How to File a Claim for Items Damaged or Lost in a Move
You open a box, and the lamp inside is in three pieces. Or the truck pulls away and a wardrobe carton is simply not on the inventory list anymore. When household goods are damaged or go missing during a move, you have a defined right to ask the moving company to pay for the loss, but that right runs on a clock and follows specific rules. Knowing the steps, the paperwork, and the deadlines ahead of time keeps a frustrating situation from turning into a missed window.
This guide walks through when you can file a claim, how to document the loss, what the filing process and deadlines look like, what the mover is required to do in response, and your options if the claim is denied. The federal timelines below apply to interstate moves (moves that cross state lines), which the Federal Motor Carrier Safety Administration (FMCSA) regulates. A move entirely within one state is governed by that state’s law instead, so confirm the rules with your state authority if your move did not cross a state line.
This is general information, not legal advice, and the rules can change, so verify current details with the official sources listed at the end. This guide does not cover the difference between Released Value and Full Value Protection (see our guide on released value vs. full value protection) or how to complain to a regulator (see our guide on how to file a complaint against a moving company); the focus here is the damage-or-loss claim itself.
When and What You Can Claim
A claim is your formal request for the mover to pay for goods that were lost or damaged while in its care during an interstate move. You can claim for items that arrived broken, items that arrived with damage they did not have when they were loaded, and items that never arrived at all.
How much you can actually recover depends on the level of liability coverage you chose when you booked, not on the receipt price of the item.

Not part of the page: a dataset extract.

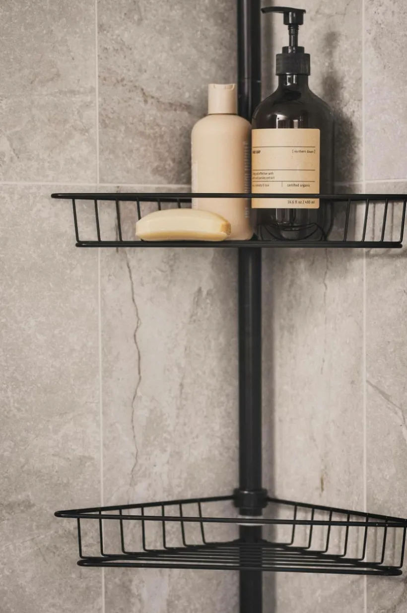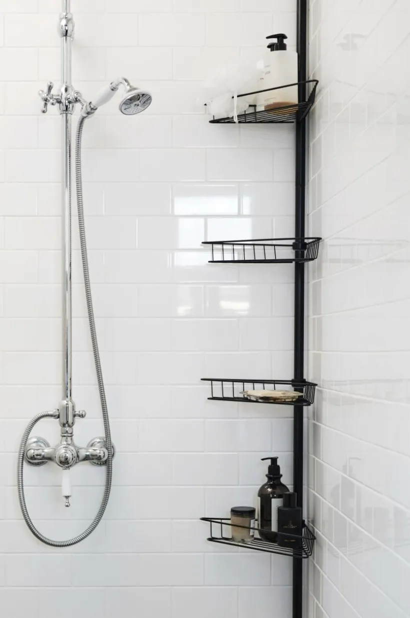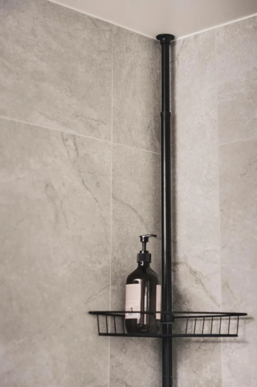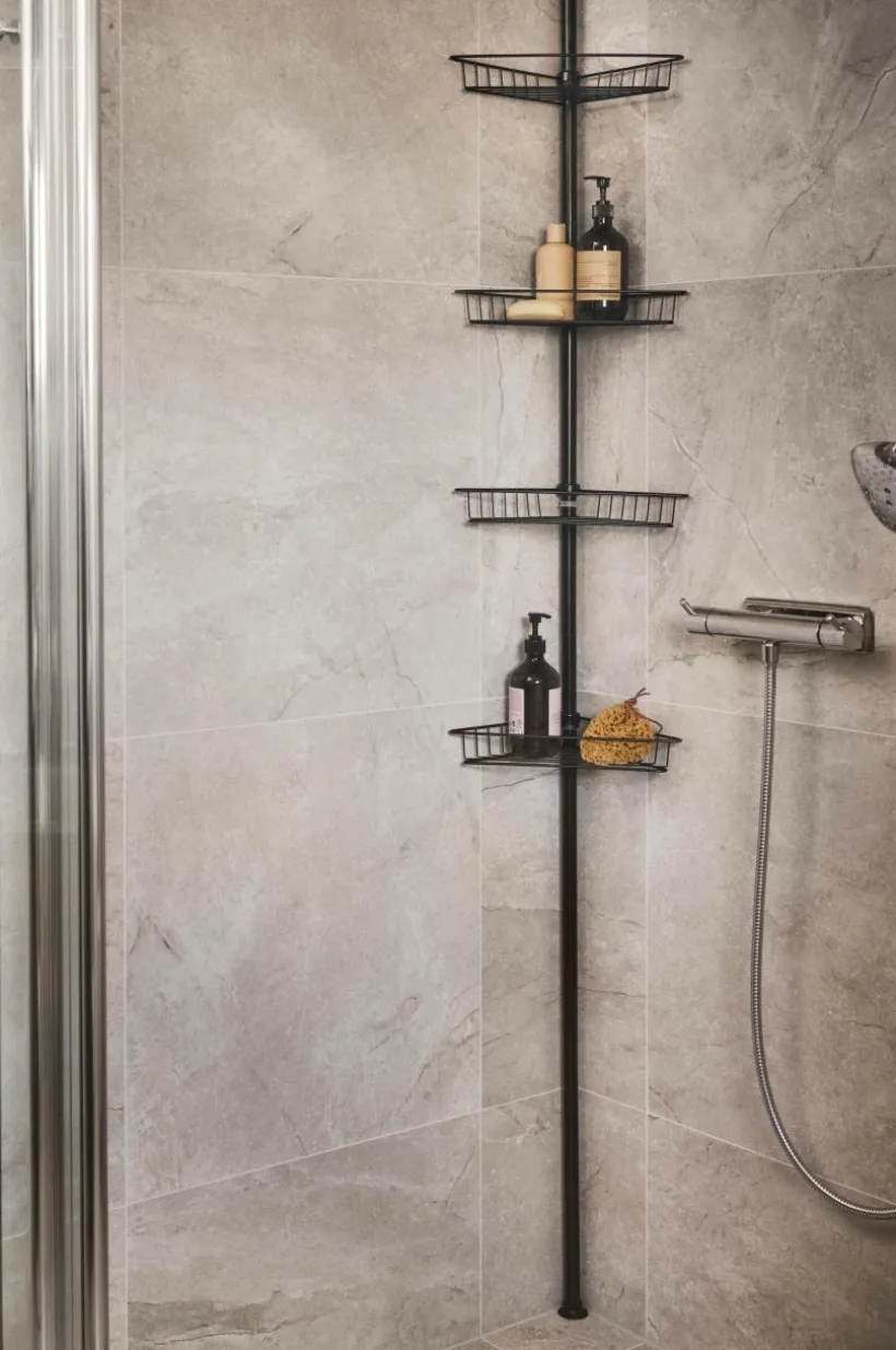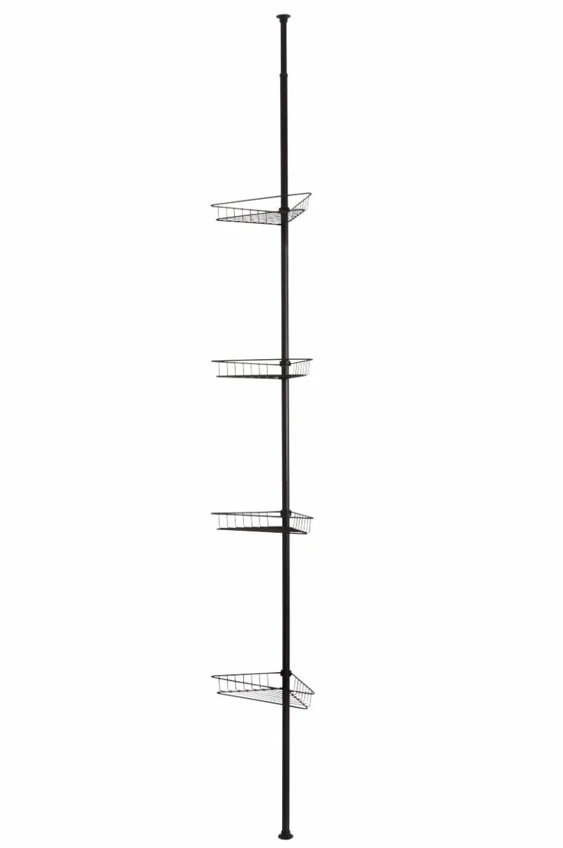 Praktisk hörnhylla till badrummet. Placera hyllan mellan badkarskanten och taket, eller från golv till tak. Teleskopstång ger reglerbar höjd och gör den enkel att fästa. Flexibel efter dina önskemål med fyra flyttbara hyllor. Det är viktigt att du följer medföljande monteringsanvisning när du monterar hyllan för stabiliteten.

Under federal rules, your mover offered you two levels of protection. The minimum level pays a flat rate of 60 cents per pound for any lost or damaged item, regardless of what the item is worth.
FMCSA gives a concrete example: a 50-pound flat-screen television covered at this level obligates the mover to pay only $30, because the calculation is weight times 60 cents, not the value of the screen. The higher level, Full Value Protection, covers the replacement value of the item. Because the coverage level changes what a successful claim is worth, it is worth knowing which one applies to your shipment before you file. The mechanics of those two coverage levels are explained in our separate guide on mover liability.
One important limit: a claim is not the same as a complaint. Filing a claim asks the mover to pay you for specific lost or damaged goods. Reporting a company to a regulator is a different process with a different purpose, covered in our guide on filing a complaint against a moving company.
Documenting Damage or Loss
Your claim is only as strong as the record behind it, and the best record starts on delivery day. When the movers unload, check your belongings against the inventory list the crew prepared at pickup. If something is missing, damaged, or showing up in worse condition than it left, note it on the delivery receipt or inventory before you sign. Get the driver to acknowledge the exception in writing where possible.
Be aware of a subtle but important point in the federal rules: notations of shortage or damage on a delivery receipt, freight bill, or inspection report do not, by themselves, count as a filed claim. They are valuable evidence, but writing “dresser scratched” on the inventory sheet is not the same as filing. You still have to submit a proper written claim, described in the next section. Treat your delivery-day notes as the foundation, not the finished claim.
Build the rest of your documentation as soon as you discover a problem:
- Photograph everything. Take clear, dated photos of each damaged item and, where it helps, the packing or carton it came in.
- Keep the paperwork. Hold on to your bill of lading, the inventory list, the estimate, and any delivery receipts. These identify the shipment and establish what was moved.
- List what is missing. For lost items, write down a description of each one and, where you can, what it would cost to replace it.
- Do not throw damaged items away. The mover may want to inspect them, and in some cases it may handle them as salvage.
- Note the delivery date. Your filing deadline is measured from the day the goods were delivered, so record it.
The goal is to have enough on hand to identify the shipment, show what was damaged or lost, and support the dollar amount you are claiming.
The Filing Process and Deadline
To file, request a claim form from the moving company. Complete it as fully as you can, and the mover will tell you where to send it. A claim form is the simplest route, but federal rules do not require you to use the company’s form. What the rules do require is that the claim be in writing and that it be filed within nine months of the delivery date.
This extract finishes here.